GPT_MODEL = 'gpt-40-globalStandard'
O1_MODEL = 'o1'

In [58]:
def get_chat_completion(model, prompt):
    """
    Calls the OpenAI API to get a chat completion.

    :param model: The model to use for the completion.
    :param prompt: The prompt to send to the model.
    :return: The completion response from the model.
    """
    response = client.chat.completions.create(
        model=model,
        messages=[{"role": "user", "content": prompt}],
    )
    return response.choices[0].message.content

In [59]:
demo_prompt = """
<title>
Comprehensive Insurance Coverage Analysis for Sarah Barnes' Bakery/Café
</title>

<datasets>

### Dataset 1: Client Profile and Business Summary
*This table (visualized as a detailed infographic and pie chart of revenue distribution) contains the core business details.
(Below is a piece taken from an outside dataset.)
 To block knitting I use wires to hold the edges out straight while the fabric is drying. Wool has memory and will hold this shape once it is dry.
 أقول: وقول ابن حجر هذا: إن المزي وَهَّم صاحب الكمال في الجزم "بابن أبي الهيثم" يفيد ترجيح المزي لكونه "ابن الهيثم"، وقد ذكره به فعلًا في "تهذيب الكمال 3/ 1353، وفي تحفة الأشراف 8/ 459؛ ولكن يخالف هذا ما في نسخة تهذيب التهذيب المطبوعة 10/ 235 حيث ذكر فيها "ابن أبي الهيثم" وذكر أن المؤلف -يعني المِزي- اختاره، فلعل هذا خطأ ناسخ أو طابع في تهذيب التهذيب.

| Field                     | Details                           |
|---------------------------|-----------------------------------|
| Client Name               | Sarah Barnes                      |
| Business Type             | Bakery/Café                       |
| Location                  | Tampa, Florida                    |
| Number of Employees       | 12                                |
| Annual Revenue            | $850,000                          |
| Years in Operation        | 8                                 |
| Key Concerns              | Hurricane damage, slip-and-fall liability, workers’ compensation, cyber threats from digital payment systems, cost management |
| Business Premises Details  | 2500 sq. ft. storefront with an adjacent kitchen area |

### Dataset 2: Risk Management Audit and Safety Reports
*This dataset is presented as a series of bar charts and tables showing risk scores and incident frequencies.
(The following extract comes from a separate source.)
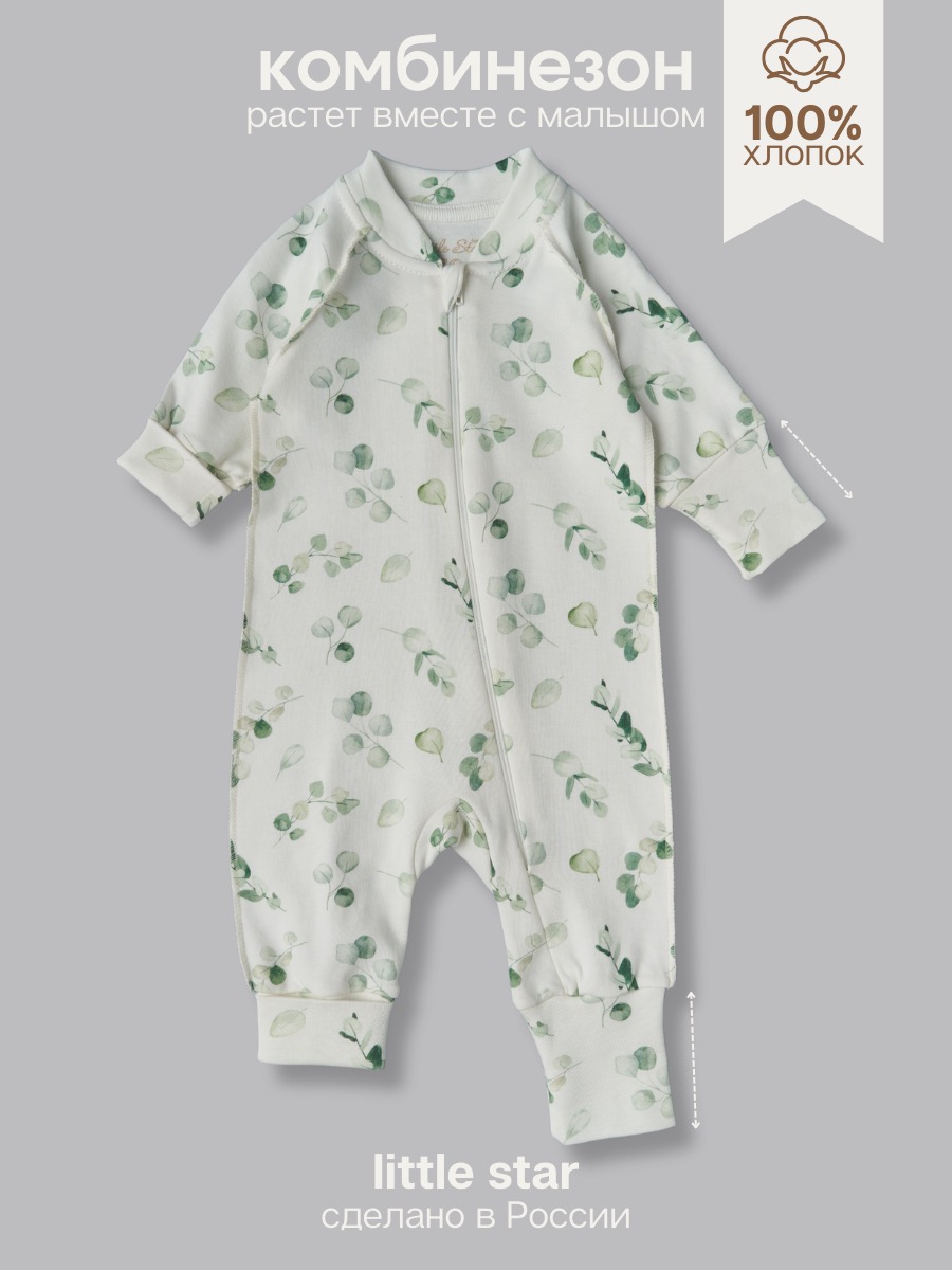 Растущий комбинезон на молнии из 100% хлопка — удобный детский комбинезон для новорождённых и малышей с мягкими удлинёнными манжетами. За счёт манжет комбинезон «растёт» и подходит сразу на 3 размера (ориентируйтесь по таблице размеров в карточке товара). Приятный к коже трикотаж, длинный рукав, центральная молния для быстрого переодевания, устойчивый принт.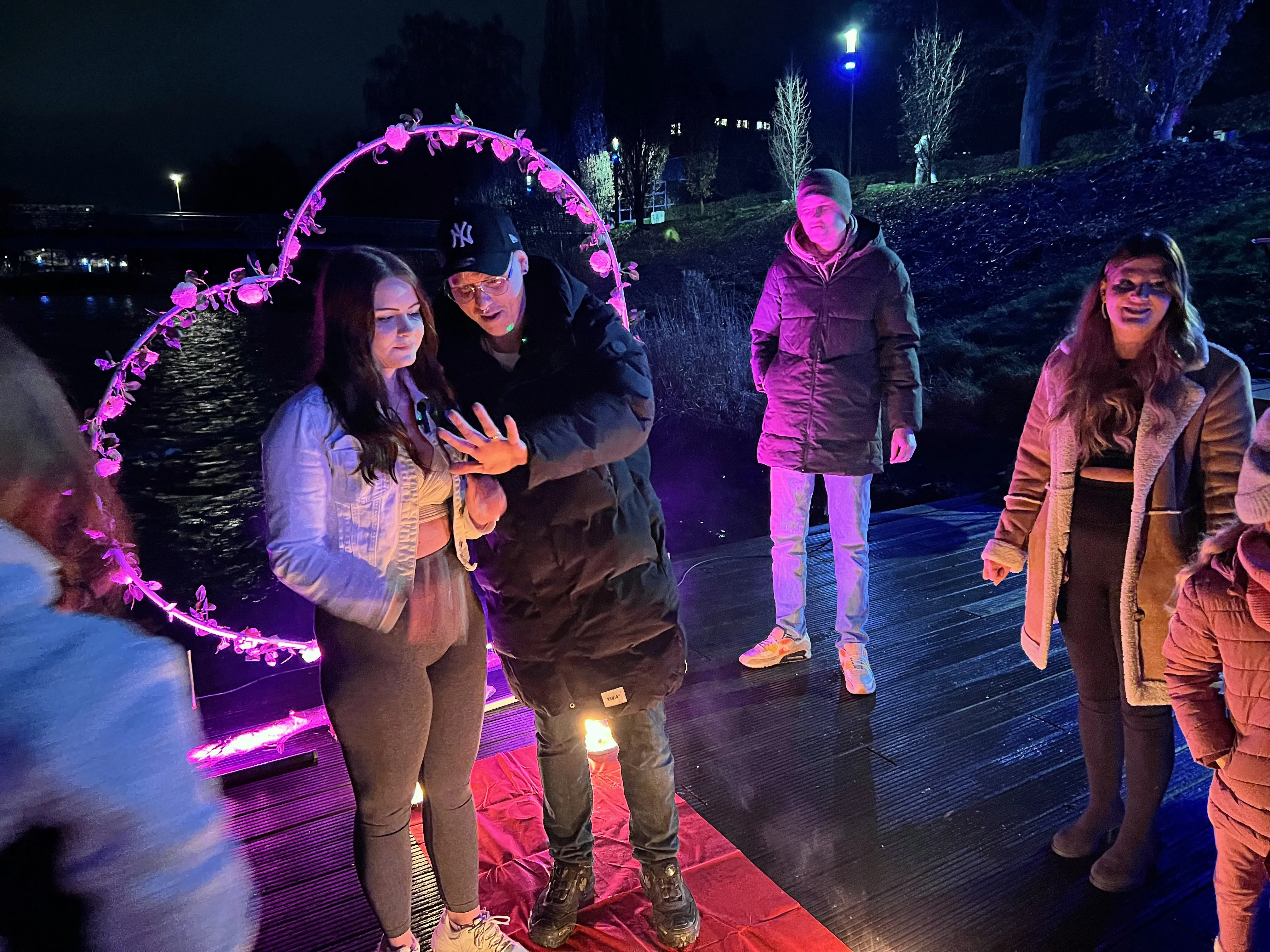 Es war eine komplette Überraschung für Vanessa. Sie hatte am dritten Jahrestag ihrer Beziehung mit Jonathan mit einem gemütlichen Abendessen im Restaurant gerechnet. Doch dann rief ihr Freund an, er habe eine Autopanne und sie müsse zum Einkaufszentrum an der Bredde kommen. „Sie ist jetzt gerade stocksauer“, berichtete Jonathan den mit ihm an der Waterkant harrenden Verwandten und Freunden.

| Risk Category               | Risk Score (1-10) | Recent Incidents (Past 2 Years) |
|-----------------------------|-------------------|---------------------------------|
| Hurricane/Weather Damage    | 9                 | 2 (minor roof leaks, window damage) |
| Slip-and-Fall Liability     | 7                 | 4 (employee and customer incidents) |
| Workers’ Compensation       | 6                 | 3 (non-severe injuries reported) |
| Cybersecurity               | 5                 | 1 (attempted phishing attack)   |

### Dataset 3: Florida State Insurance Regulations
*This dataset (shown as a text extract with callouts and highlighted clauses) includes excerpts on mandatory coverages and exclusions for businesses in hurricane-prone areas.

**Key Excerpts:**
- Commercial Flood Insurance is not automatically included in standard policies in Florida.
- Policies must detail hurricane deductibles and may require additional endorsements for windstorm damage.
- Certain coverage limits for workers’ compensation are mandated by state law.

### Dataset 4: Premium Cost Benchmarks and Underwriting Quotes
*Presented as a table and line graph showing average premium ranges and policy limits for similar small businesses (core coverage quotes vs. add-ons).
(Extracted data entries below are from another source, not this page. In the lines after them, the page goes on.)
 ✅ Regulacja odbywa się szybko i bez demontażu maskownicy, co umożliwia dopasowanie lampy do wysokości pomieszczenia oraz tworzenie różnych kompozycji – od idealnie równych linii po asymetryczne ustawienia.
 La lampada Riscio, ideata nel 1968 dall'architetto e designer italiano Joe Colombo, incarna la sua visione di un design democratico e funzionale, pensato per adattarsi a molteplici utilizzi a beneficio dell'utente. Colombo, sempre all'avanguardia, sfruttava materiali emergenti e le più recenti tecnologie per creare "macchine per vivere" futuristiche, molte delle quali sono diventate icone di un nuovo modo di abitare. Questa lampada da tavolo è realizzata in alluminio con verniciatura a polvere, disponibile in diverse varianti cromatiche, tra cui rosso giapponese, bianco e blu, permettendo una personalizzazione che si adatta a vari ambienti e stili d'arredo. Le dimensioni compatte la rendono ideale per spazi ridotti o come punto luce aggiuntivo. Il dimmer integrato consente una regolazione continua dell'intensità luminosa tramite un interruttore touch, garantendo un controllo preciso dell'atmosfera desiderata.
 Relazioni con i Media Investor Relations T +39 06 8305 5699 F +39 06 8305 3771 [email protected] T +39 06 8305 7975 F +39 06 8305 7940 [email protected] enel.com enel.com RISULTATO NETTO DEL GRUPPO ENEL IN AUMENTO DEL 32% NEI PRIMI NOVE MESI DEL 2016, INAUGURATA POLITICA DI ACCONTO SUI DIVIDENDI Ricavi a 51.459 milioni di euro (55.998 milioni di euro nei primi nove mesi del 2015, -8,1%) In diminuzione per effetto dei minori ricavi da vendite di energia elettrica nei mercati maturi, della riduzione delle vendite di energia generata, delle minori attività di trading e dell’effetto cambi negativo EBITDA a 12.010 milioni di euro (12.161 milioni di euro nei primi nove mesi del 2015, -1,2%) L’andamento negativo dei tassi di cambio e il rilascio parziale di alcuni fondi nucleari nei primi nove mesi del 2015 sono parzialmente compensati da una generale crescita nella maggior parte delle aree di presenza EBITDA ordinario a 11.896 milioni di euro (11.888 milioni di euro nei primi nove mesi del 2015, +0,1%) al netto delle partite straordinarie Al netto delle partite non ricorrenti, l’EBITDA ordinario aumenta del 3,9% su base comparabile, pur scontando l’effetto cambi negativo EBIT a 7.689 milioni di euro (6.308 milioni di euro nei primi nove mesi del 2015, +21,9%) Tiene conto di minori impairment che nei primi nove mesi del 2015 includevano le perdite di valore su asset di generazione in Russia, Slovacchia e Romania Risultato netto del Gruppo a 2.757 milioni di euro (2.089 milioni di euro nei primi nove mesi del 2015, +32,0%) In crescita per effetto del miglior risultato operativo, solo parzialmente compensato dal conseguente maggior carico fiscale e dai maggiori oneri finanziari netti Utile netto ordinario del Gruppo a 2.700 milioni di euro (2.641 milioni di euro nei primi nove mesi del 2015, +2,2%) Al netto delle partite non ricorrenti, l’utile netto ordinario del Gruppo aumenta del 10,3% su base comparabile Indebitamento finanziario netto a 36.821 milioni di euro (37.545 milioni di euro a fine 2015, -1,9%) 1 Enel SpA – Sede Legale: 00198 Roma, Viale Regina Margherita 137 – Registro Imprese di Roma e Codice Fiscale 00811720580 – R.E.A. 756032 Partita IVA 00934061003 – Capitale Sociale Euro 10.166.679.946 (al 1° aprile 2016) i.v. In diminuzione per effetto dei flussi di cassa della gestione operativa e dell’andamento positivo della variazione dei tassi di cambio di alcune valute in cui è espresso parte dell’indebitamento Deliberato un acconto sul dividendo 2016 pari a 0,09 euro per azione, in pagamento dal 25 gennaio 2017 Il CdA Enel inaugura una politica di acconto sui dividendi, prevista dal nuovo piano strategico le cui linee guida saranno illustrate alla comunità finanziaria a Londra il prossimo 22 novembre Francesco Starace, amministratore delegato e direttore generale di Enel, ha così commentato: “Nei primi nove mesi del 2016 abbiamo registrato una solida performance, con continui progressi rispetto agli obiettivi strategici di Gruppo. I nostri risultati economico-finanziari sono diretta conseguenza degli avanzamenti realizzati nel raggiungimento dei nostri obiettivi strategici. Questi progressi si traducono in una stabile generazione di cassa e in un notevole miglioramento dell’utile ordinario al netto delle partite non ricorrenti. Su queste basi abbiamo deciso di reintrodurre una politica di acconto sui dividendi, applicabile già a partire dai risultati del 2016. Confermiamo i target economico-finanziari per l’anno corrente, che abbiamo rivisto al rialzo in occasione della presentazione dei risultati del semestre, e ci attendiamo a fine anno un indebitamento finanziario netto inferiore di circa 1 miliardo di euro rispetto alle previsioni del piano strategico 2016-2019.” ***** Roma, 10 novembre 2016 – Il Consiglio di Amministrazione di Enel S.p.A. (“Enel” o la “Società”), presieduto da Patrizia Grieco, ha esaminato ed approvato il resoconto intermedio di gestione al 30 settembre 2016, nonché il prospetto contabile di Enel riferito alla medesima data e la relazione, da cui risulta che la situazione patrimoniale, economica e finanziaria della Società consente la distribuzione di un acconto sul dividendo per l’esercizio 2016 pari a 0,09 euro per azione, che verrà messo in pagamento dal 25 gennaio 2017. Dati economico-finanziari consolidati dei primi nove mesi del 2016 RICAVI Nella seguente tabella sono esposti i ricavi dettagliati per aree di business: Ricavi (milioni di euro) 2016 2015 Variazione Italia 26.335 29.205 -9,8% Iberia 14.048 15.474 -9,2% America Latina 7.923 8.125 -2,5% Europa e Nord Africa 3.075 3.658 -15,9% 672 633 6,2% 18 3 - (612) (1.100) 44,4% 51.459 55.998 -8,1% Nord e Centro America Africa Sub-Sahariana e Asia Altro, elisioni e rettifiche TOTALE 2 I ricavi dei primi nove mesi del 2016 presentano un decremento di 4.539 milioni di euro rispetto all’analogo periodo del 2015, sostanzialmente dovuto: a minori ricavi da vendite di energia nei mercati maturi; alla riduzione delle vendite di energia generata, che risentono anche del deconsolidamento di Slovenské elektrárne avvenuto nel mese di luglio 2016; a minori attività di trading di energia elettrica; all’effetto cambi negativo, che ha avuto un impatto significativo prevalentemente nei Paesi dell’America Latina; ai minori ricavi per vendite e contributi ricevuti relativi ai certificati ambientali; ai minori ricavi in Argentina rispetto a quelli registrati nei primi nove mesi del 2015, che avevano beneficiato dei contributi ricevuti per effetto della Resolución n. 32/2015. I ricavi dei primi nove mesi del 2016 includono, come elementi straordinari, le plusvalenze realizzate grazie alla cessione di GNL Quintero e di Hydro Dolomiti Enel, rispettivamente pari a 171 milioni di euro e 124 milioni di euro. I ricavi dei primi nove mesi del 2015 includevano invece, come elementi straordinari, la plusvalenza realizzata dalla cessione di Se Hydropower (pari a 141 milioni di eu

| Coverage Type                 | Recommended Policy Limit       | Estimated Annual Premium Range |
|-------------------------------|--------------------------------|--------------------------------|
| Commercial Property           | $1.5 million - $2 million      | $4,000 - $7,000                |
| General Liability             | $1 million per occurrence      | $2,500 - $5,000                |
| Workers’ Compensation         | Statutory limits               | $3,500 - $6,000                |
| Cyber Liability               | $500,000                       | $1,000 - $2,500                |
| Commercial Flood (Add-on)     | $1 million                     | $1,500 - $3,000                |
| Business Interruption (Add-on)| 3-6 months of revenue coverage| $2,000 - $4,000                |

### Dataset 5: Inventory of Bakery Ingredients *DS*
*This dataset (displayed as a colorful bar chart) lists monthly ingredient usage which is not directly relevant to the insurance recommendation.

| Ingredient       | Monthly Usage (lbs) |
|------------------|---------------------|
| Flour            | 800                 |
| Sugar            | 300                 |
| Eggs             | 500                 |
| Milk             | 400                 |

### Dataset 6: Local Market Sales Figures *DS*
*This dataset (visualized as a line graph) shows competitor sales metrics in the local area.

| Month      | Competitor A Sales ($) | Competitor B Sales ($) |
|------------|------------------------|------------------------|
| Jan        | 750,000                | 800,000                |
| Feb        | 780,000                | 820,000                |
| Mar        | 770,000                | 810,000                |

</datasets>

<question>
You are an advanced insurance consultant. Your task is to generate a comprehensive and clause-specific insurance coverage recommendation for Sarah Barnes' bakery/café in Tampa, Florida.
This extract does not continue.